Ms. IKOKWU: Well, I wouldn't say there's sadness. There is sadness within his own family, you know. It's a great loss. They've lost a father, a grandfather, an uncle and all of that. As a nation we've lost a president. But also, I think there's a bit of relief that it has all come to an end because there was debate on whether the acting president could continue being acting president until next year, when the elections would hold.

You know, there were issues about, what do we do? You know, there were people that were also asking him to be declared incapacitated since he could no longer be president. You know, there have been all sorts of discussions about what to do. So he has passed on now and the acting president has been made the substantive president.

The next step now would be to pick a vice president and then we can begin discuss on the way forward on issues that matter, the power and electricity problems we have in the country and all the other issues that have been in limbo since he was ill.

MARTIN: And as you mention, all these pressing priorities have been in limbo because of this leadership vacuum. As you mention, religious violence, the rebel attacks on oil producing facilities, all the issues around governance and corruption and so forth. But now that Goodluck Jonathan has been has made the transition from acting president to president, has he signaled what his priorities will be?

Ms. IKOKWU: Yes. I wouldn't say - it's correct. I wouldn't say there was a power vacuum. The vice president was made an acting president. So he was given all the power, you know, to do whatever he wished or to tackle the issues of state. But now that he is now the substantive president, we can have a vice president and then we have a team, someone that he can delegate responsibilities to.

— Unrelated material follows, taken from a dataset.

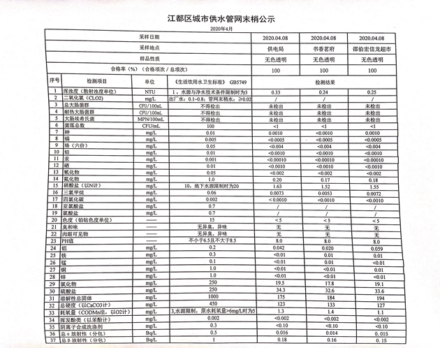 水質(zhì)公示
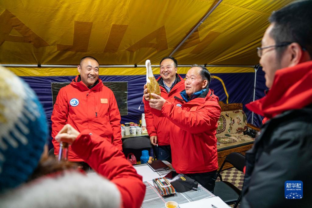 浮空艇創(chuàng)造紀錄后,科考隊員開香檳慶祝(5月15日 攝)。新華社記者 孫非 攝

Other important issues that we'll be dealing with is the power sector. Electricity is pretty bad in Nigeria and people hope that there will be an improvement. There's the Niger delta issue also, which the former acting president, Goodluck Jonathan, who is now the president, has been working on. We hope to make progress on that.

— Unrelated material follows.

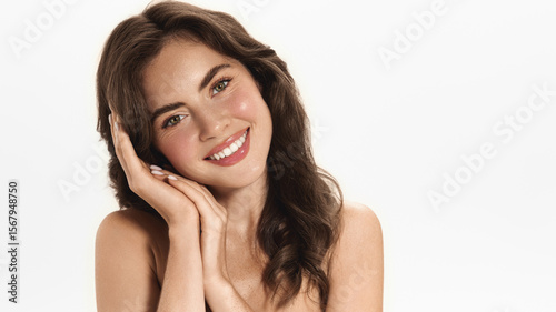 Non-surgical enhancement and beauty fillers concept. Portrait of smiling young woman with glowing skin, looks happy and pleased with result after dermatological procedure in salon, white background

There is the petroleum industry bill, which seeks to revise or change the way that business is done in the oil industry. There is also electorary(ph) forums. We are going to be having presidential elections next year. And people hope that the acting president would he has made the smart move of changing the chairman of the Independent National Electoral Commission. So we hope that they will have free and fair transparent elections next year. There are so many issues to be dealt with, so we are hoping that he will begin to work on them now that he is the substantive president.

MARTIN: Constance Ikokwu is the deputy editor of the Nigerian newspaper THISDAY. She joins us from time to time to keep us up to date on all the events in Nigeria. Thank you so much for joining us, Constance.

Ms. IKOKWU: Thank you for having me.